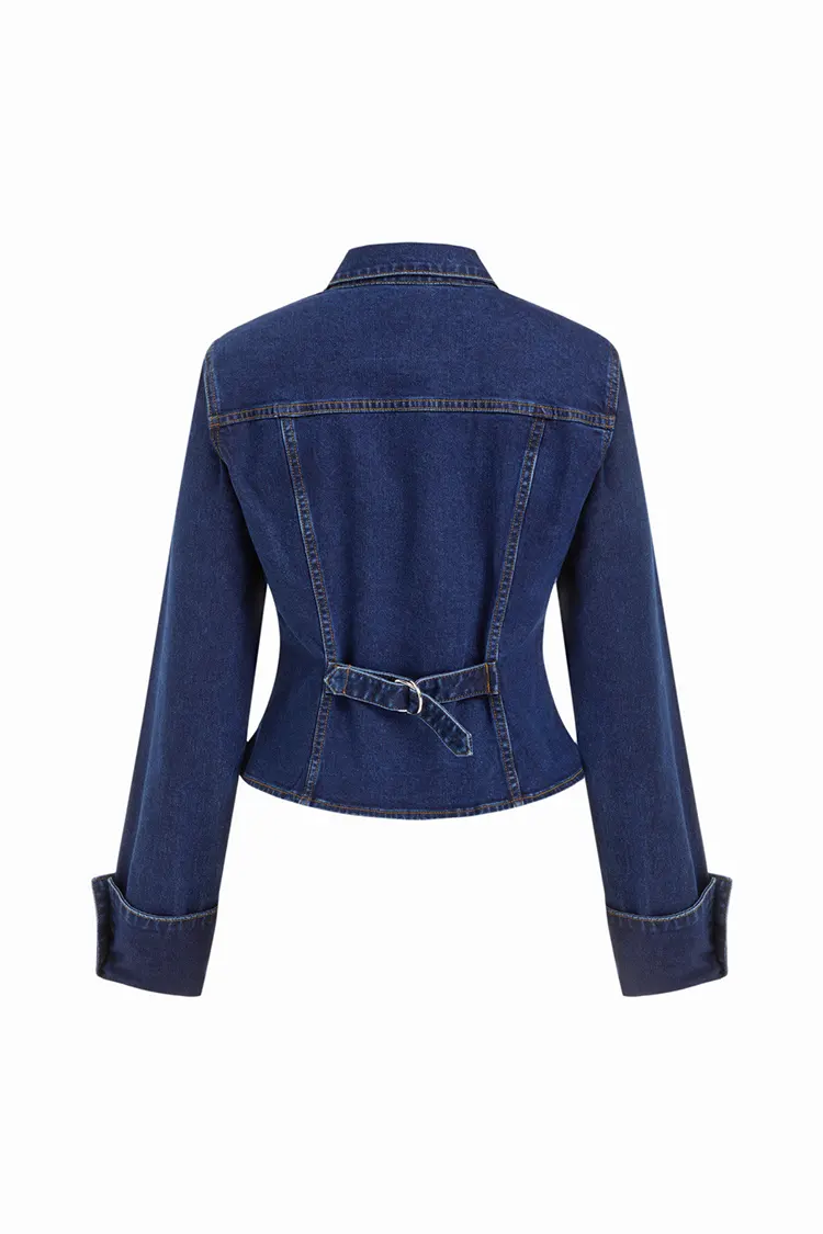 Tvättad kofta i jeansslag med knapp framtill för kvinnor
---
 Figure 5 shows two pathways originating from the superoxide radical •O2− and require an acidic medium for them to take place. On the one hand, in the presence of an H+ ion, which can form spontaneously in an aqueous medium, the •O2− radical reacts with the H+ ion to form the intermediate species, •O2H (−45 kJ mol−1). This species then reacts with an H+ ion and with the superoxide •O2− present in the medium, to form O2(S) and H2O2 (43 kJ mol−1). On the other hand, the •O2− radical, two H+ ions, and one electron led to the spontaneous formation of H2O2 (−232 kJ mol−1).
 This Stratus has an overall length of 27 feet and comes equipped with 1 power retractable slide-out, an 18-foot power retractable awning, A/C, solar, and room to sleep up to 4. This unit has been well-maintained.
--
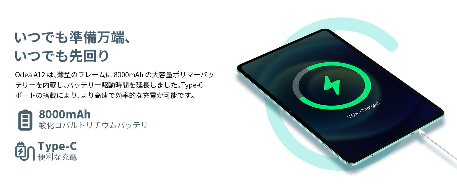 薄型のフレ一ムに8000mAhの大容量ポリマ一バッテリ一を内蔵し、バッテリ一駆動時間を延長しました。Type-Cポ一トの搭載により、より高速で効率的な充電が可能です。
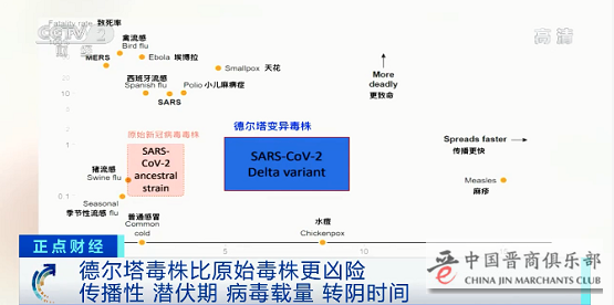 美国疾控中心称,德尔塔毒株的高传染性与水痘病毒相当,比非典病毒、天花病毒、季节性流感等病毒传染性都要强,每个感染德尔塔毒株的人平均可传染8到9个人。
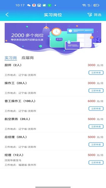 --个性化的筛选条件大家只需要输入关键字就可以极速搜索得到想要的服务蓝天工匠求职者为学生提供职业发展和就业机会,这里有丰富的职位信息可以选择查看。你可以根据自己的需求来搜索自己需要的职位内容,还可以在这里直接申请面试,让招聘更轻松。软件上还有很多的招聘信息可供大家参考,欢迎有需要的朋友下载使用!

**TASK STATEMENT**
Please return the material above only from the line that holds "薄型のフレ一ムに8000mA" through the line that holds "--个性化的筛选条件大家只需", exactly as it stands, ends included and pictures omitted.

**EXERCISE ANSWER**
 薄型のフレ一ムに8000mAhの大容量ポリマ一バッテリ一を内蔵し、バッテリ一駆動時間を延長しました。Type-Cポ一トの搭載により、より高速で効率的な充電が可能です。
 美国疾控中心称,德尔塔毒株的高传染性与水痘病毒相当,比非典病毒、天花病毒、季节性流感等病毒传染性都要强,每个感染德尔塔毒株的人平均可传染8到9个人。
 --个性化的筛选条件大家只需要输入关键字就可以极速搜索得到想要的服务蓝天工匠求职者为学生提供职业发展和就业机会,这里有丰富的职位信息可以选择查看。你可以根据自己的需求来搜索自己需要的职位内容,还可以在这里直接申请面试,让招聘更轻松。软件上还有很多的招聘信息可供大家参考,欢迎有需要的朋友下载使用!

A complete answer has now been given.